至于劉邦,現在應該就在沛縣當他泗水亭亭長一職,整日無所事事,喝酒逛樓子。
呂雉的姑母在沛縣開了家酒館,也是劉邦和他的那一幫兄弟們慣常去放松吃酒吹牛的地方。
思央回到沛縣后,立即向姑母請辭。
“雉兒,你不是說要在姑母這里多住上一陣子,怎么出去一趟回來就著急走”姑母很是舍不得。
思央還是一副男子裝扮,對姑母一拜“多謝姑母幾日來的款待照顧,雉兒在外接到父親來信,要我速回會稽,所以才想盡快趕回去。”
既然是呂公來信,姑母再舍不得也不好留人,只能親自裝好行囊,為侄女送行。
由于民亂四起,上頭下令嚴加看守各地關卡,排查進出人員,若有可疑之人,當場拿下。
思央出沛縣時候,就正好趕上兵士在一個個的搜查過往百姓。
“哎哎,就是你給我站住,怎么又是你啊這么有錢啊,剛拿十五金贖人,現在還敢出來亂晃,喲,這馬很不錯嘛。
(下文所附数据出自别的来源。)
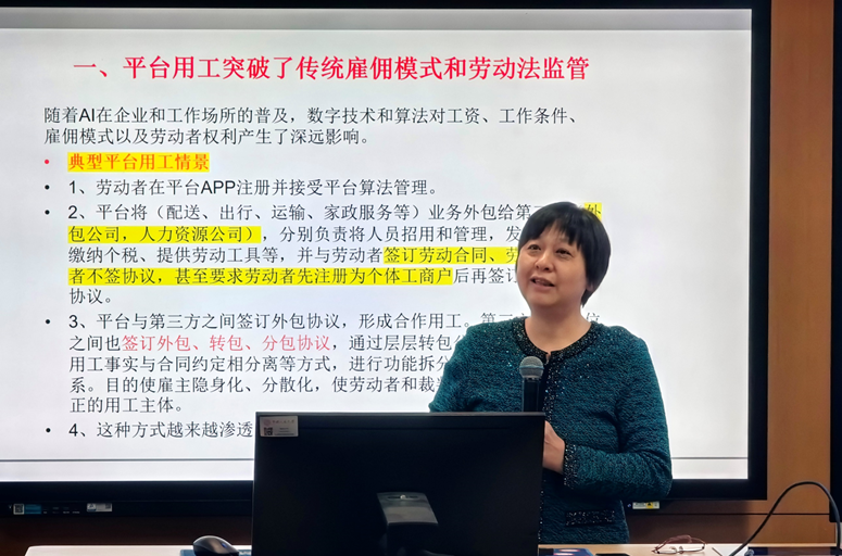 在主旨演讲环节中,程延园教授就“算法控制下的平台和谐劳动关系构建”进行了深入讲解,她指出平台用工突破了传统雇佣模式和劳动法监管,并结合案例阐释了当前规范平台用工所面临的困难与进展,进而对未来的政策导向提出了思路建议,包括改革完善现行劳动法律监管体系,坚持系统性思维和整体施策,统筹考虑劳动力市场的灵活性和安全性,兼顾平台劳动权益保障和平台经济发展。

”
前方兩位衣著不凡的男子被一名配刀穿吏服的小官給攔下。
進程停下,思央目光往前一掃,頓時被前面的兩人所吸引。
吏服配刀男子,五官端正,看似相貌堂堂,甚至還有些英俊,可那全身吊兒郎當散漫的樣子,還有對為難之人,言語間透露出來的貪婪嘴臉,還真的是十足的卑鄙小人。
至于另外一位,就是被攔下之人。
男子身高八尺有余,身軀凜凜,相貌堂堂,只靜站在那兒就給人一種迫人的氣勢,令人不敢侵犯。
在此小小沛縣,實乃不普通,也難怪那小官別的不找,就找他的茬,看起來就像一只肥羊。
當然,在此也不知道是該說那小官是膽識過人,還是腦袋長屁股上,見錢眼開不怕死。
思央也沒想到這么快就會見到項羽,還有劉邦。
倒是一下把兩人都聚齊了。
她并未露出任何異樣,繼續在后面安安分分的排隊,現在不是引起項羽劉邦注意的好時機。
思央就這么靜靜看戲,看劉邦從項羽身上搜出血書,血書是項羽集結各方反秦豪杰所寫,虧得劉邦不識字,項羽為防止出差錯,忍了劉邦這無賴,任由其將自己身上的一盒金子和馬匹都搜刮走。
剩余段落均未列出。